On June 21, 2021, WXYT began integrating sports gambling shows into its line-up and rebranded as "The Bet Detroit". It added programming from the co-owned BetQL Network, with CBS Sports Radio shows remaining in late nights, early mornings and weekend hours.

===Sports Rap Radio===
On February 23, 2024, it was announced Audacy would turn over operation of the station via a local marketing agreement to noted sports journalist Rob Parker, who had started his career in Detroit working at the Detroit Free Press, then becoming one of the first voices on the sports talk format of WDFN upon its launch in 1994; he had also worked with other local stations such as WXYT-FM and WCHB. Upon his takeover of control, the station's format was relaunched as "Sports Rap Radio", with Parker intending it to be the flagship station of a format he intended to broadcast in markets with a large African-American market base. His partners in the new format included former NBA player B.J. Armstrong as well as former college athletes Dave Kenney and Maurice Ways. The new format featured a predominantly African-American staff consisting of upcoming journalists or former athletes with a tie to Detroit itself, and featured 12 hours of local programming from 7 a.m. to 7 p.m., with Parker's Fox Sports Radio show The Odd Couple (airing from 7–10 p.m.), which he cohosts with Chris Broussard. The station continued to broadcast from the Audacy Detroit studios and carry overflow programming from WXYT-FM, but had its own sales team.

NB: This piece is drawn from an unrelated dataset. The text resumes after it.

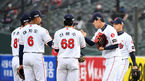 [OSEN=부산, 이대선 기자] 12일 오후 부산 사직야구장에서 ’2021 신한은행 SOL KBO 리그' 롯데 자이언츠와 SSG 랜더스의 경기가 열렸다.경기에 앞서 롯데 나승엽이 그라운드로 나가며 동료들과 하이파이브를 하고 있다. /sunday@osen.c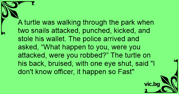 A turtle was walking through the park when two snails attacked, punched, kicked, and stole his wallet. The police arrived and asked, “What happen to you, were you attacked, were you robbed?” The turtle on his back, bruised, with one eye shut, said "I don't know officer, it happen so Fast"

BetQL Network programming was moved over to WXYT-FM's HD3 channel at midnight on June 3, and WXYT AM began stunting for its upcoming launch. Sports Rap Radio launched on June 4.

===Sports betting===
Sports Rap would cease operations at 5 p.m. on August 27, after failing to obtain a second round of funding; Audacy then restored "The Bet Detroit" programming to WXYT. The network took the new moniker of BetMGM Network on February 2, 2025, after Audacy partnered with BetMGM for branding rights to the network.